### [Input records]
=====
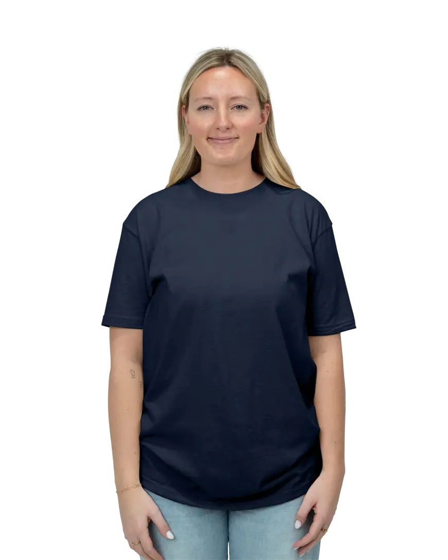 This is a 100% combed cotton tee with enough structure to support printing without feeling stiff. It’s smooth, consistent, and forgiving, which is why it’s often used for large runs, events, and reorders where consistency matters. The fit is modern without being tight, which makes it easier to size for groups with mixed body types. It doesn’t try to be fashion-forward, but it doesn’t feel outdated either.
=====
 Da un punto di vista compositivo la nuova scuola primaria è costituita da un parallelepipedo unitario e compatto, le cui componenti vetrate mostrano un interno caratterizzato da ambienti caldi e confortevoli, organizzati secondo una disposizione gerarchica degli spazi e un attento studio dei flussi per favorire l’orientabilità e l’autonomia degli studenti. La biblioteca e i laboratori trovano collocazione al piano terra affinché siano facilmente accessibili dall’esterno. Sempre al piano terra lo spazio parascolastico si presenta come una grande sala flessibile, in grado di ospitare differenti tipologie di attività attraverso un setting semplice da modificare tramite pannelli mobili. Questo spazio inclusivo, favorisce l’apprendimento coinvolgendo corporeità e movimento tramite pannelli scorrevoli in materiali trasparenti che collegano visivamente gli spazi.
=====
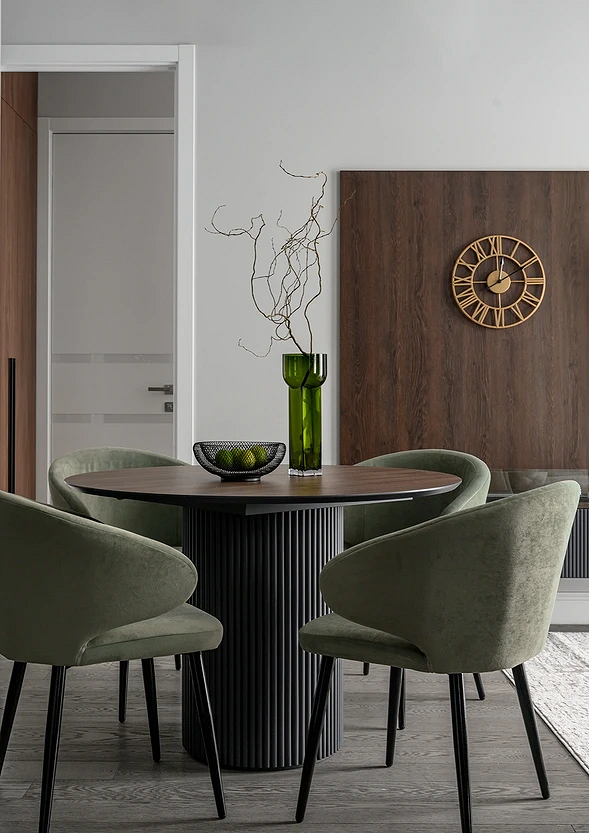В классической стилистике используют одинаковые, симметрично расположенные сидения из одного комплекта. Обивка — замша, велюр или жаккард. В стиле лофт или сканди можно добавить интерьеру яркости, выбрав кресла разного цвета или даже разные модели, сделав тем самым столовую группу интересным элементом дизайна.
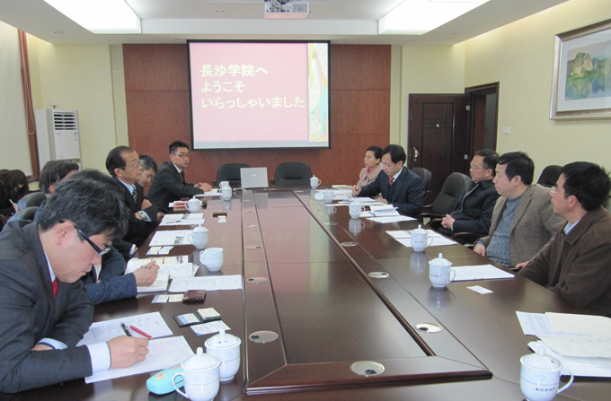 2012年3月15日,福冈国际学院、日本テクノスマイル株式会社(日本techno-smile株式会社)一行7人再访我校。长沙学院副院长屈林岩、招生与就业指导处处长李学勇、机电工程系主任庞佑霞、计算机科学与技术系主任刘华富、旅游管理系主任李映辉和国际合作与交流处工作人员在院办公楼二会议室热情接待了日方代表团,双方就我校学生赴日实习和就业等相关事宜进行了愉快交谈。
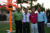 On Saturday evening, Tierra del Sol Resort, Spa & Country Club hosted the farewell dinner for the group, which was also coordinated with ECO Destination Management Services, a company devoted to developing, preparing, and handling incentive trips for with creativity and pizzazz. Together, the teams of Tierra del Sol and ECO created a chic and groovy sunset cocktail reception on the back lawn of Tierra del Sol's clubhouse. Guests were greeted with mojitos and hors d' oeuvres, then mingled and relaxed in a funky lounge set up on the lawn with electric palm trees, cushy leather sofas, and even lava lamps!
=====
### [Assignment]
Write back the stretch of lines above that begins with the line holding "В классической стилистике" and ends with the line holding "On Saturday evening, Tierra", both included, exactly as written. Pictures stay out.

### [Response]
В классической стилистике используют одинаковые, симметрично расположенные сидения из одного комплекта. Обивка — замша, велюр или жаккард. В стиле лофт или сканди можно добавить интерьеру яркости, выбрав кресла разного цвета или даже разные модели, сделав тем самым столовую группу интересным элементом дизайна.
 2012年3月15日,福冈国际学院、日本テクノスマイル株式会社(日本techno-smile株式会社)一行7人再访我校。长沙学院副院长屈林岩、招生与就业指导处处长李学勇、机电工程系主任庞佑霞、计算机科学与技术系主任刘华富、旅游管理系主任李映辉和国际合作与交流处工作人员在院办公楼二会议室热情接待了日方代表团,双方就我校学生赴日实习和就业等相关事宜进行了愉快交谈。
 On Saturday evening, Tierra del Sol Resort, Spa & Country Club hosted the farewell dinner for the group, which was also coordinated with ECO Destination Management Services, a company devoted to developing, preparing, and handling incentive trips for with creativity and pizzazz. Together, the teams of Tierra del Sol and ECO created a chic and groovy sunset cocktail reception on the back lawn of Tierra del Sol's clubhouse. Guests were greeted with mojitos and hors d' oeuvres, then mingled and relaxed in a funky lounge set up on the lawn with electric palm trees, cushy leather sofas, and even lava lamps!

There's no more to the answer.